Saying “HakunaMatata” with Sustainable Packaging

Saying “HakunaMatata” with Sustainable Packaging


In the current era of Globalization where the consumers are acquainted with a large number of brands of various products, product branding and packaging have emerged as key decisive factors in its success. With more and more products being selected right from the store shelf or from a virtual shop front, it is becoming increasingly important for marketers to use every single channel for creating an impression. What a brand name or even a logo might not do in a virtual shop front, a brand message or even a few positive lines about the type of packaging might be able to achieve.

The term ‘eco friendly’ often serves multiple purposes – it increases the brand’s image as a environment friendly and responsible entity, it allows the brand to explore new vistas and innovate in ways that were previously not thought of, finally it impacts environment conscious consumer in ways that other brands will not, and finally it creates the potential of word of mouth that brings the brand under a spotlight that would be otherwise difficult to achieve.

Most of these factors have contributed to the rise of sustainable packaging in recent years, as brands have realized that even though there can be very small variations in cost at some point in time, the idea of sustainable packaging itself creates a goodwill that might not be achieved by other efforts.

Among the well known brands that have contributed to sustainable packaging in large way we have the example of Pepsi which had hit the market with the world’s first 100% plant-based PET bottle, was a product of renewable resources. Their example had also led other brands like Ford, Heinz, Nike, Coco-Cola and P&G to kickoff with the PET Technology.
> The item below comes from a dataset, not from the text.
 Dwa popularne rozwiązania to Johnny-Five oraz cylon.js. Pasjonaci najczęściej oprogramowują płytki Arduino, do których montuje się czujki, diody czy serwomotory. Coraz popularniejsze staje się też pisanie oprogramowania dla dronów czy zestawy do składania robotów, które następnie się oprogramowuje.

In fact in the year 2010, PepsiCo as a whole also enhanced brand value to its products by pledging to armor the earth’s natural resources by digging out ground-breaking strategies to utilize land, energy, water and packaging resources efficiently.
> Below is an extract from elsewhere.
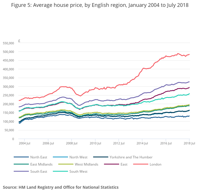 Figure 5: Average house price, by English region, January 2004 to July 2018

In 2012, the premium coffee brand Starbucks that has been contributing about three billion cups into the global consumer stream every year had hired recycling and packaging firms so that 100% of its cups can be replenished and re-used. They came up with a solution in order to sidetrack the cups from landfills and protect the planet. Starbucks has been taking such initiatives since 2006, when they pioneered paper cups that had 10% post-consumer recycled fiber, as well as modified their regular PET cold cups to polypropylene where the to restrict greenhouse gas emissions by 45%.

Most brands have now started to see sustainability as not just a part of their CSR activity, but a critical element in augmenting revenue. A report by UN shows that each year 54% of food gets wasted during the time of production, post-harvest treatment and storage. Lesser the package weight, lesser the transportation cost and in turn since shelf space can run into shorter supply chain, carbon footprint will be lowered too. Hence with sustainable packaging, the consumer demands can be satisfied in a way so that the abridged costs and the environmental effect of packaging materials is well adjusted.

With Smart Packaging coming to the fore, we are only going to witness a major change in the way sustainability and technology go hand to create solutions that are eye catching, helps save the environment and are cool to pick up from the shelves.